Driving the hydrological model with a precipitation data set based on a variable number of precipitation stations may influence the estimated trend of precipitation and thus the trend of simulated discharge. In order to quantify this effect, we performed model simulations with a precipitation data set based on a constant number of stations (P1) in comparison with the baseline precipitation data set P0 that uses a variable number of stations. This reduced the gap between simulated and observed discharge from 95±50 to 55±47 mm yr−1 per 35 years (Table 4); i.e., a reduction of 39±26 mm yr−1 per 35 years (Table 5). The reduced gap between simulated and observed discharge is consistent with the difference in the trends in the precipitation data sets. The baseline precipitation data set P0 suggests a precipitation increase of, on average, 159±89 mm yr−1 per 35 years, whereas the precipitation data set P1 results in an increase of 121±89 mm yr−1 per 35 years (Fig. 4a). Better model performance with respect to changes in streamflow volume is also reflected by smaller increases in bias during evaluation in the different subperiods (Fig. 5a).
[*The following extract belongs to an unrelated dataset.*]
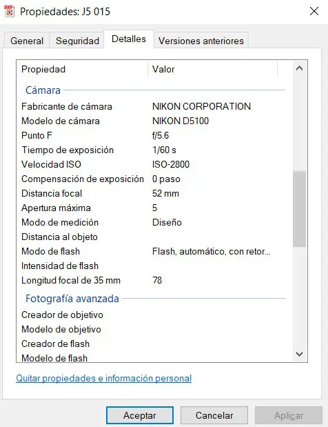 Parmi les nombreuses informations de ce type qui sont jointes, vous pouvez connaître notre situation physique exacte, le logiciel avec lequel nous travaillons, le dispositif de capture que nous transportons, etc. C’est quelque chose que nous ne voudrons pas toujours être disponible pour quiconque avec qui nous partageons ces fichiers. C’est pourquoi peut-être le plus recommandé si nécessaire, est de pouvoir éditer ou simplement supprimer les métadonnées susmentionnées, avant de les partager sur Internet .

Table 5Working hypotheses for potential causes of the divergence between observed and simulated discharge changes that were further analysed and the estimated magnitude of the effect on the gap between trends in Qobs and Qsim (mm yr−1 per 35 years) over 1978–2013 as compared to the baseline model. This was calculated by deriving a series of the differences in annual discharge of the respective model variant compared to the baseline model (e.g. Qsim,V1Qsim,V0) for each catchment and then estimating trends. Uncertainties relate to standard deviations of the trend slope averaged over all catchments.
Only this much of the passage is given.